WORK TO BE COMPLETED: Each line of the material must be reproduced exactly; pictures stay out.

DATASET EXTRACT:
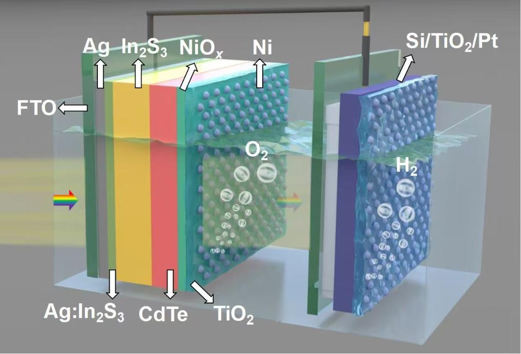 圖為無(wú)偏壓太陽(yáng)能水分解系統(tǒng)示意圖。新華社發(fā)
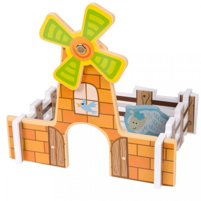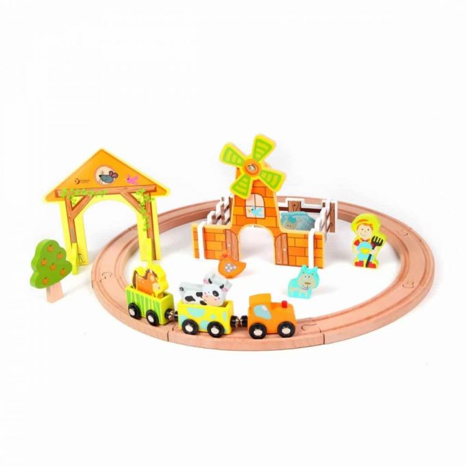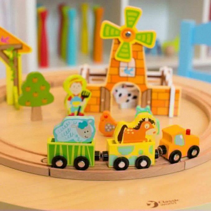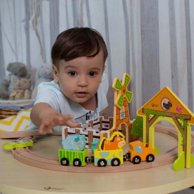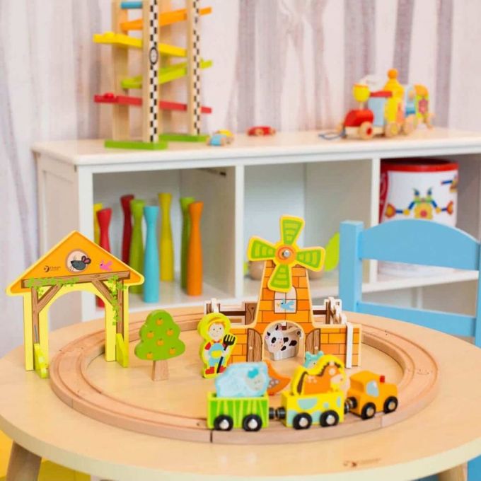 El set de tren granja es un tren que recorre la finca sobre las vías. Incluye distintas piezas de madera como 1 locomotora, 2 vagones sujetos por imanes, además de distintas figuras de animales de la granja, un molino etc.
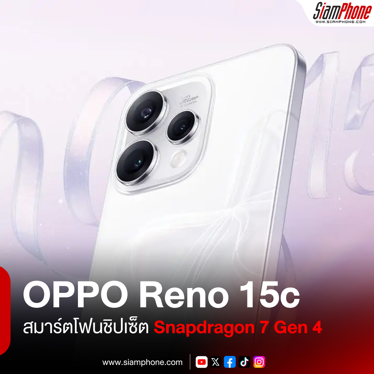OPPO Reno 15c อีก 1 สมาร์ตโฟนใน OPPO Reno 15 Series มีการเปิดตัวอย่างเป็นทางการในประเทศจีน โดยมาพร้อมชิปเซ็ต Qualcomm Snapdragon 7 Gen 4 ทำงานร่วมกับ RAM แบบ LPDDR5x และ ROM แบบ UFS 3.1 พร้อมกับหน้าจอแสดงผล AMOLED กว้าง 6.59 นิ้ว ความละเอียด 2760x1256 พิกเซล อัตรา Refresh Rate สูงสุด 120Hz อัตรา ความสว่างได้สูงสุด 1200nits และรองรับการสแกนลายนิ้วมือบนหน้าจอ
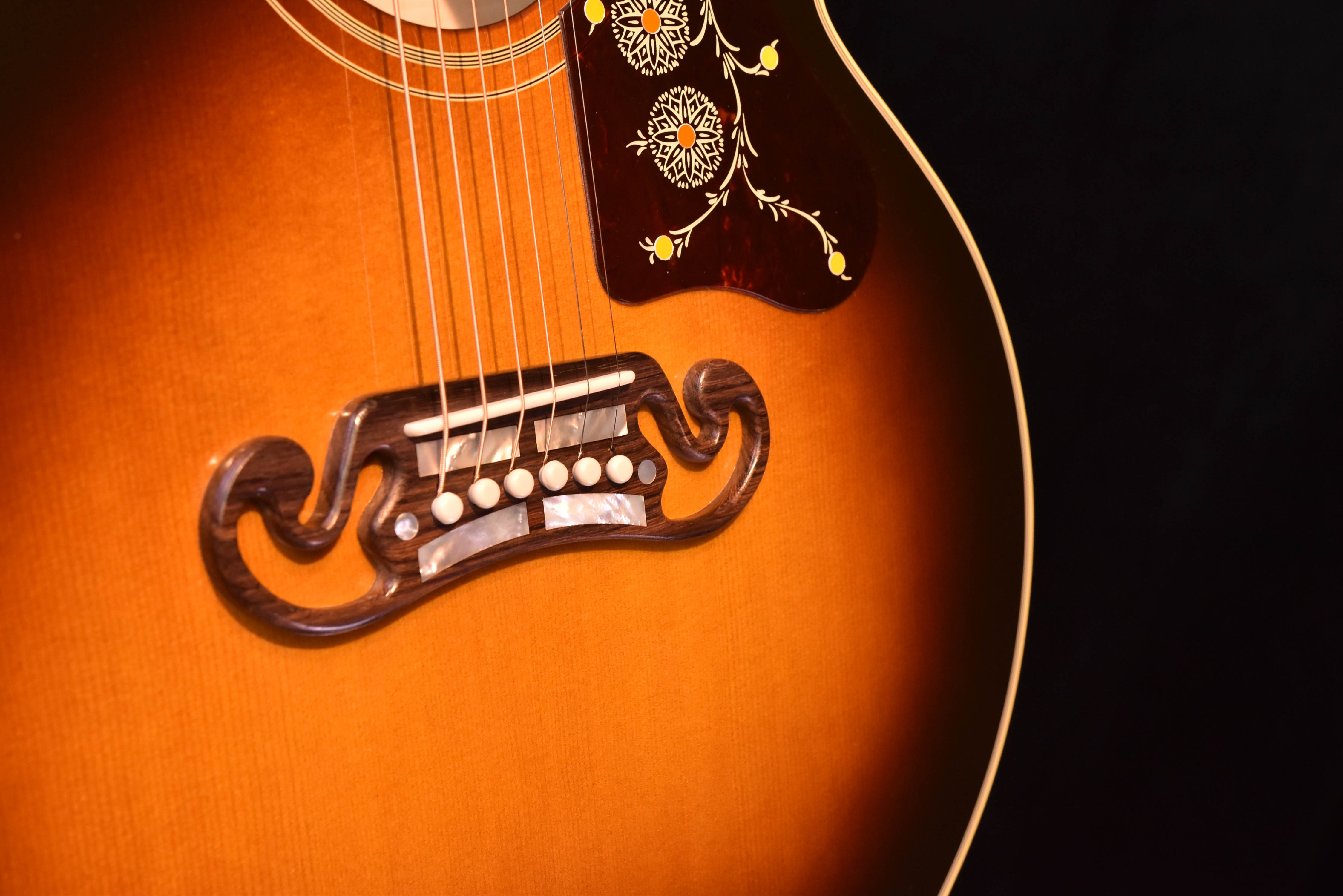 • Bridge: Four bar SJ-200 Moustache; Ebony
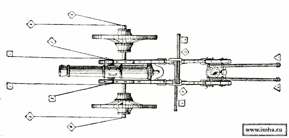 | Фиг. 5. Береговой лафет с поворотною рамою. |
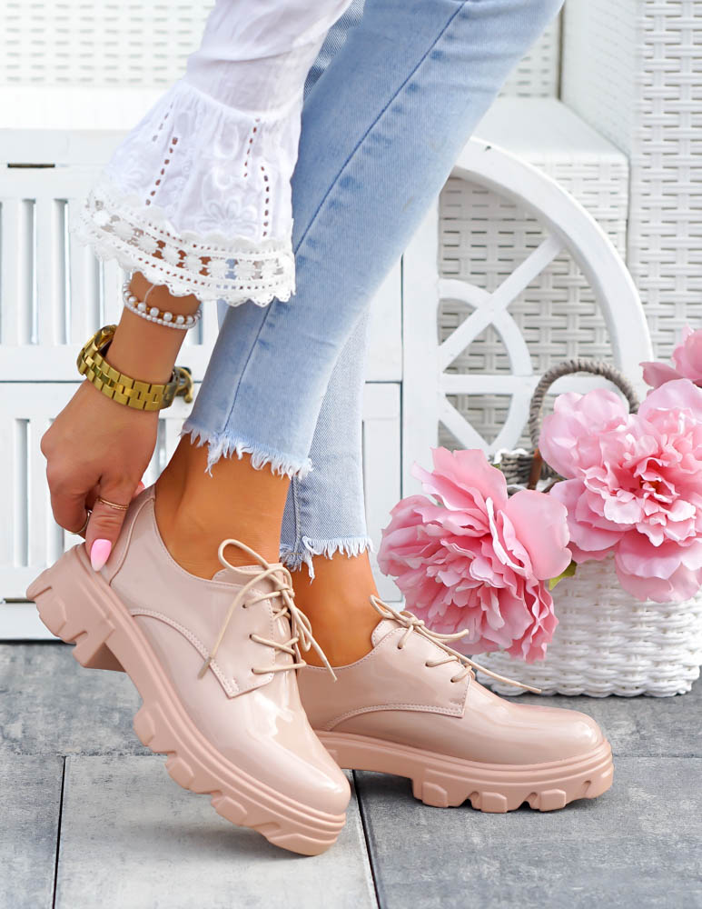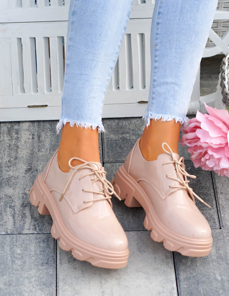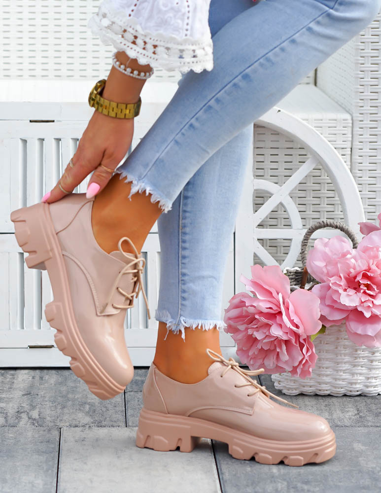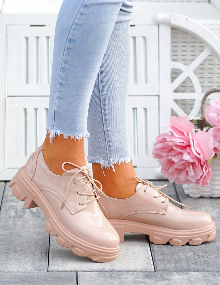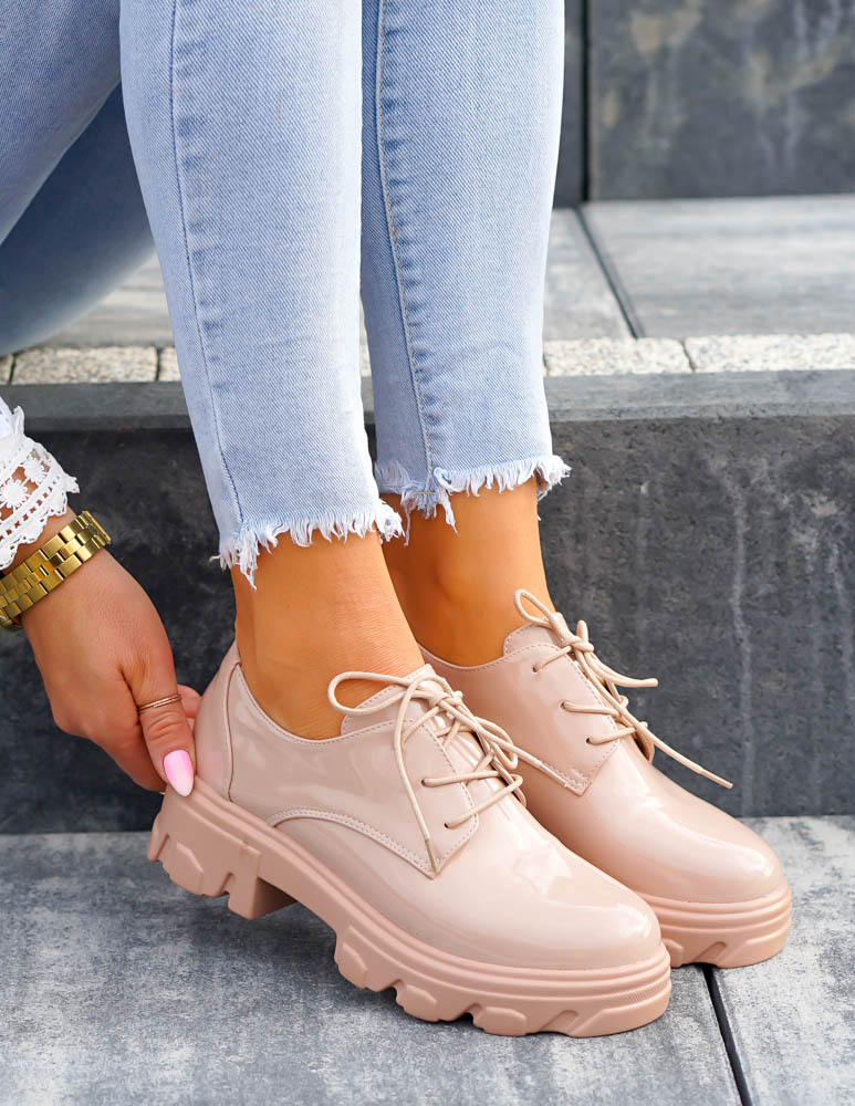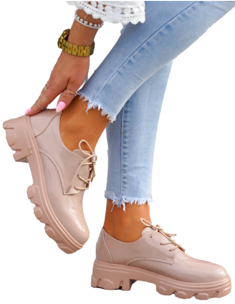 Beżowe Mokasyny Półbuty Na Grubej Podeszwie Nude

SOLUTION BELOW:
 圖為無(wú)偏壓太陽(yáng)能水分解系統(tǒng)示意圖。新華社發(fā)
 El set de tren granja es un tren que recorre la finca sobre las vías. Incluye distintas piezas de madera como 1 locomotora, 2 vagones sujetos por imanes, además de distintas figuras de animales de la granja, un molino etc.
OPPO Reno 15c อีก 1 สมาร์ตโฟนใน OPPO Reno 15 Series มีการเปิดตัวอย่างเป็นทางการในประเทศจีน โดยมาพร้อมชิปเซ็ต Qualcomm Snapdragon 7 Gen 4 ทำงานร่วมกับ RAM แบบ LPDDR5x และ ROM แบบ UFS 3.1 พร้อมกับหน้าจอแสดงผล AMOLED กว้าง 6.59 นิ้ว ความละเอียด 2760x1256 พิกเซล อัตรา Refresh Rate สูงสุด 120Hz อัตรา ความสว่างได้สูงสุด 1200nits และรองรับการสแกนลายนิ้วมือบนหน้าจอ
 • Bridge: Four bar SJ-200 Moustache; Ebony
 | Фиг. 5. Береговой лафет с поворотною рамою. |
 Beżowe Mokasyny Półbuty Na Grubej Podeszwie Nude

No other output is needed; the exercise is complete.